Prior to submitting my articles to Business Insider, I generally pass my thoughts and analysis through a group of cohorts consisting of friends, family, colleagues, and financial authorities that I trust to provide me honest and objective feedback to my considerations.
In line with that feedback I am finding that nothing resonates more with this fairly solid cross-section of laypersons and experts than when I go counter to all the “negativism” out there regarding the future of the United States. Even though all my cohorts know that I am highly critical of economists, pundits, and many of the misadventures of the current and the previous Government Administration, they also know that I am “bullish” on American business and the United States of America as a whole.
And my cohorts tend to support that—not because I think they just want to, but because they too believe that our country is far from going down the tubes. So here are 10 tidbits of advice I would like to offer those of you who are also American Bulls and tired of listening to the naysayers, prognosticators of doom, and other disillusioned malcontents of the United States of America.
One. Whenever you see Alan Greenspan, Ben Bernanke, Paul Krugman, or any other chief economist on the television talking about what they think should be done to rejuvenate the United States’ economy—turn the sound off or turn to another station. Listening to the solution of the dismal scientists will drive you nuts—they do not even have a clue. Nor do they have the answers.
Two. Do not expect your Government to solve your problems. Even though most of our Government leaders are well-intentioned and decent-minded people, the two-party system has gone astray. Remain independent with your own views regarding Government policy. The middle is closer to the real America than the left or the right, republican or democrat. Demand action through compromise. Listen to the extremes, but don’t let extremism set policy.
Three. Believe in the long term more than the short term—both in the future and in the past. The foundation that made America great (individual freedom, innovation, and the frontier spirit) has hardly been lost. Cherish these traits because it is our advantage.
Four. Support risk-taking and don’t turn negative. Opportunities always exist even in downturns and you cannot give into mistakes. And as anyone with any kind of success knows, failure is a good teacher. The most important thing is to strive for something of value. If you fall down in the process of trying to achieve that value, then pick yourself back up, brush yourself off, and get back at it again.
Five. Understand that competition is good and not something to be feared. And understand that the driving force behind Economic Globalization is not China, Brazil, India, or Russia, but the United States of America. Economic Globalization is not something to be feared, but something that will lead to a more peaceful, environmentally sound, and healthy world society.
Six. Quit looking back over your shoulder worrying whether the competition might be catching up because it will be. It is a lot easier for “developing countries” to raise their standard of living than it is for the citizens of the United States to raise theirs. After all, why do you think they call developing countries developing? Keep looking ahead and thinking of ways to keep the lead that you have earned. Your second wind will come, America, if you don’t give in. In truth, you are not in as bad of shape as others would like you to think. And if you don’t believe me, then check out something like the CIA World Factbook—it may raise your perspective a little.
Seven. Do not think that total GNP is the be all and end all measurement of your country’s success. Individual freedom, food, water, shelter, energy, GNP per capita, existing infrastructure, and overall quality of life offers a much more complete measure of a country’s value than a nation’s total GNP. Think of ways to make things better not just for yourself, but also for the rest of the world’s population. In other words, think in terms of “pareto optimums.”
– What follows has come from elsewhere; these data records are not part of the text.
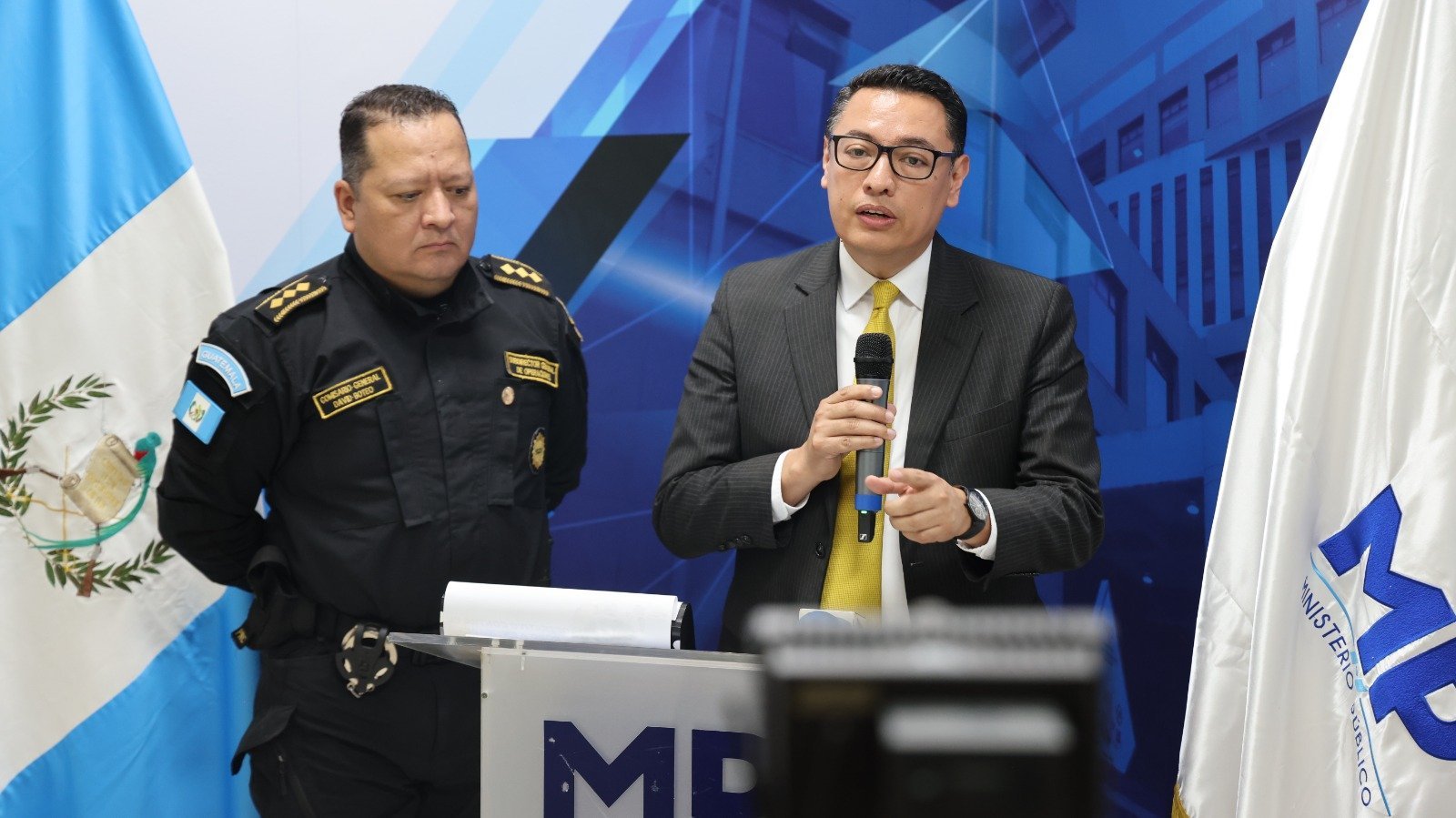 Klayber Bladimiro Sical Jiménez junto al director de la Policía Nacional Civil, David Custodio Boteo en conferencia de prensa. (Fotografía: Ministerio Público)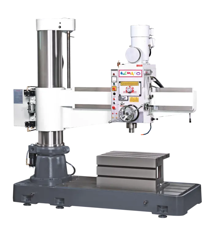 Explore new BEMATO BMT-1300RD Radial Drill. Robust capabilities: drilling to 500mm, tapping to 30mm, and boring up to 120mm in cast iron. Precision meets power with a 1,500 RPM spindle speed.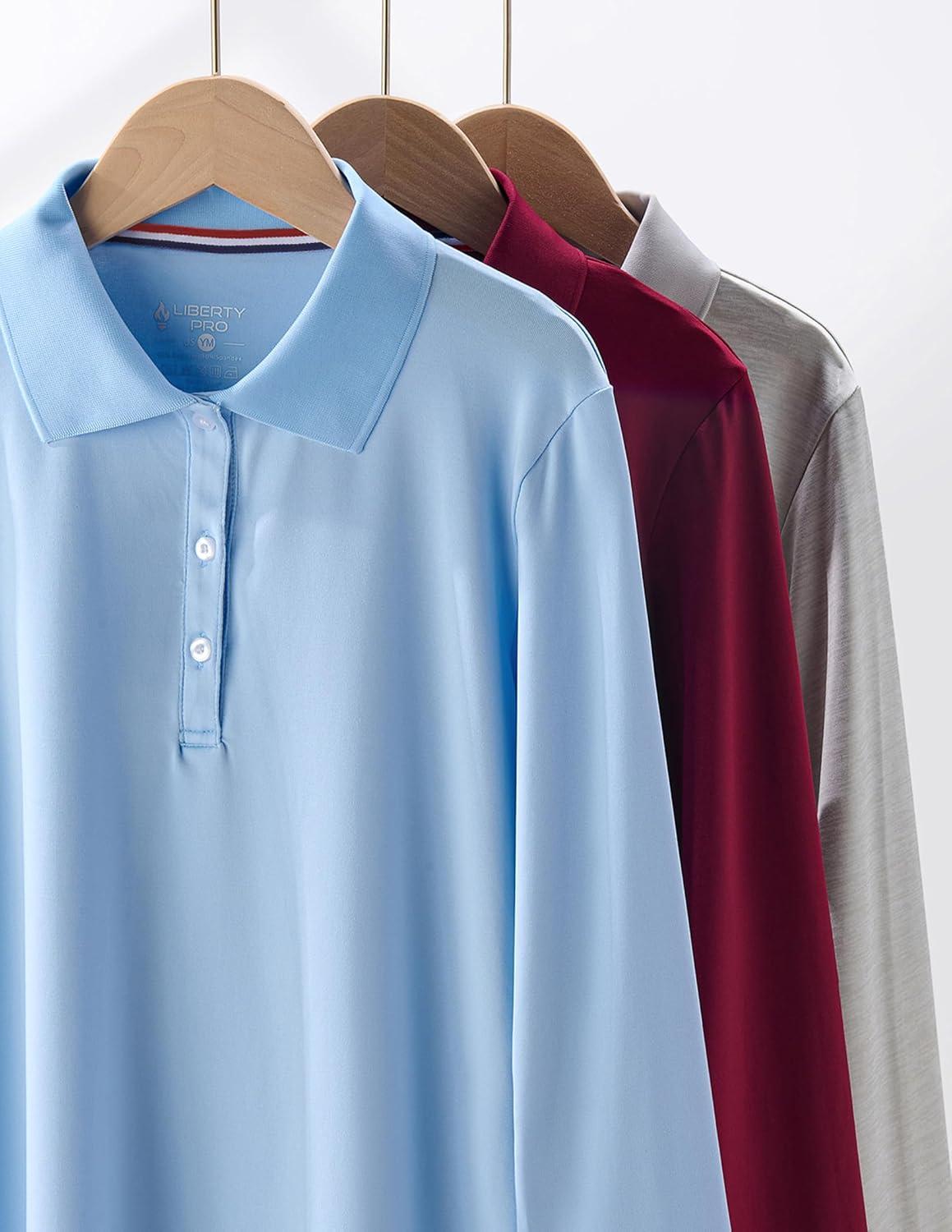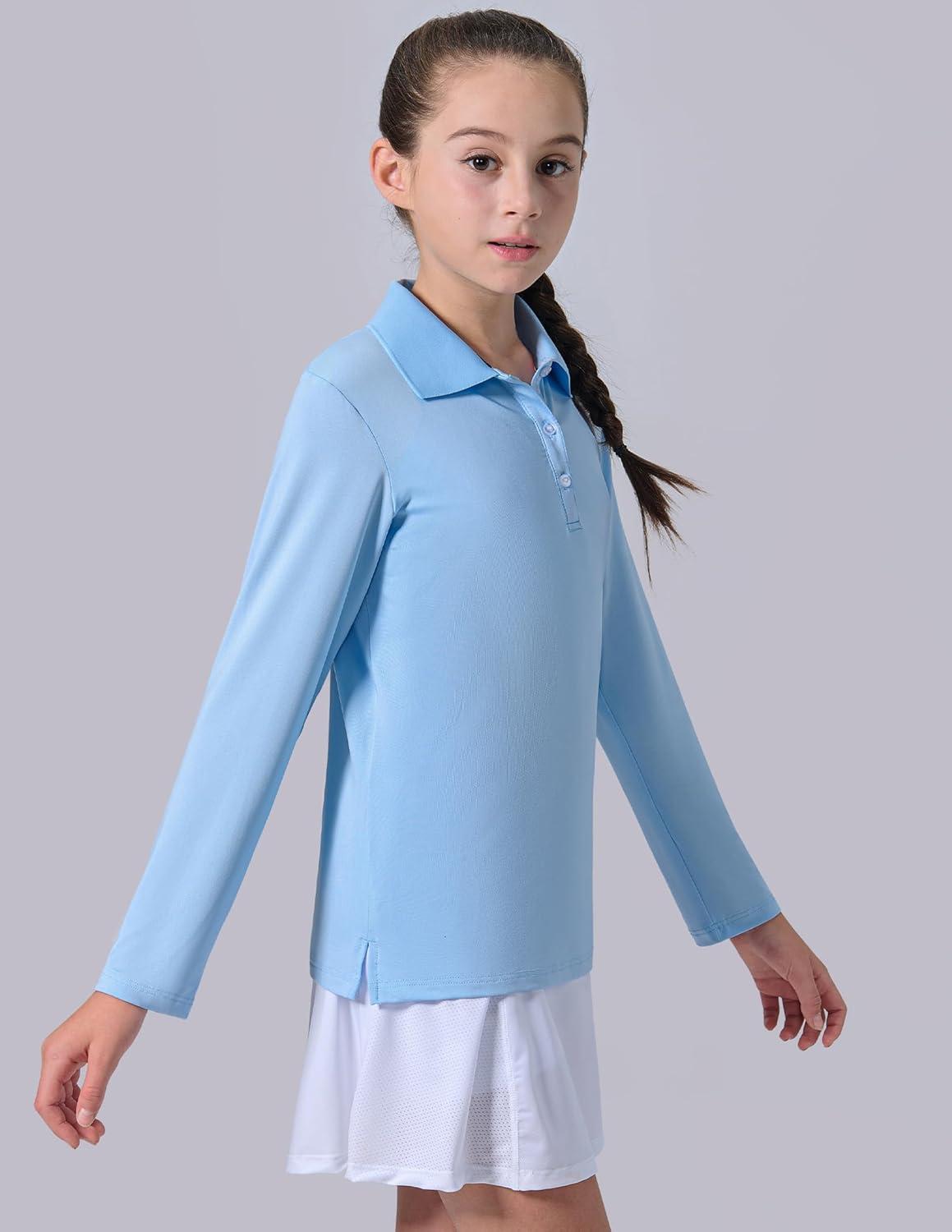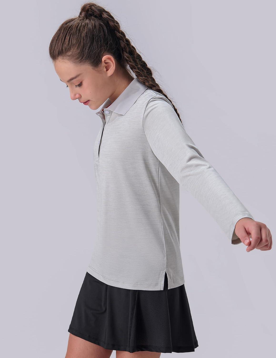 3 Pack Youth Girls’ Performance Polo Shirts, Long Sleeve Pique Collared Kids School Uniform Tops(Gray/Light Blue/Burgundy)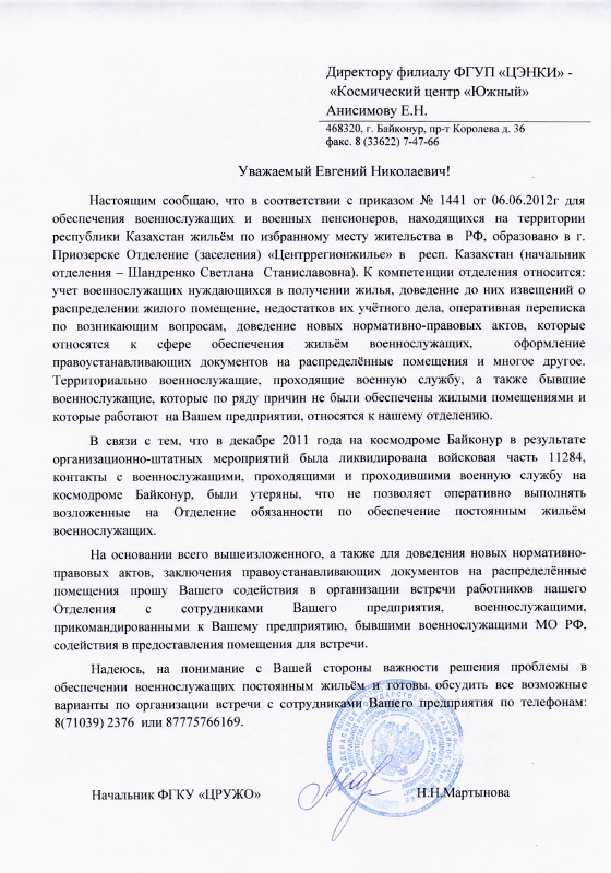 Re: Жилье для Байконурцев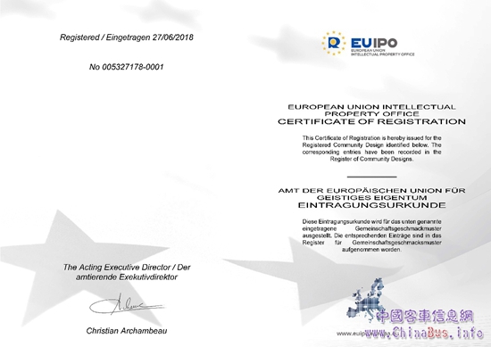 相信,借助金旅客車在全球的市場影響力,歐盟外觀專利加身的領航者,定會在中國高端客車的國際化之路上加速馳騁。
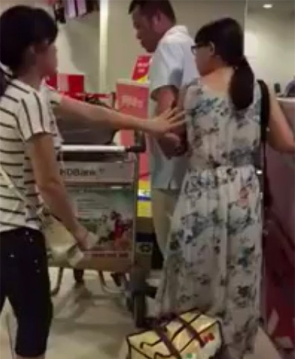 Ngay cả khi có nhân viên của hãng hàng không đến can ngăn và hòa giải thì cô gái vẫn lớn tiếng chửi người phụ nữ bằng những câu khó nghe. Thậm chí cô gái còn đuổi người phụ nữ đang bế con đứng dịch ra cho khỏi "ngứa mắt" và kêu "nhìn mặt đã biết không cùng đẳng cấp".

Eight. Continue developing both your “right brain” and your “left brain” America. Believe it or not, that is the best thing that freedom has to offer. Support your engineers, mathematicians, and scientists, but understand that there is also much to learn from your philosophers, artists, musicians, and writers. Acknowledge, appreciate, and learn from the best of your best.
Nine. Invest in your business community. Gold is a commodity of “negativism” and keeping cash under your pillow will hardly make you sleep better. Be an “internationalist-nationalist” and not an “ugly American.” Think globally, but act locally.
10. And above all else, continue dreaming and putting your dreams into action. In its finest hours, the United States has been known to be a country that takes small steps for man, but large steps for mankind. And there is nothing wrong with continuing in that manner while raising the world’s values to that same high standard.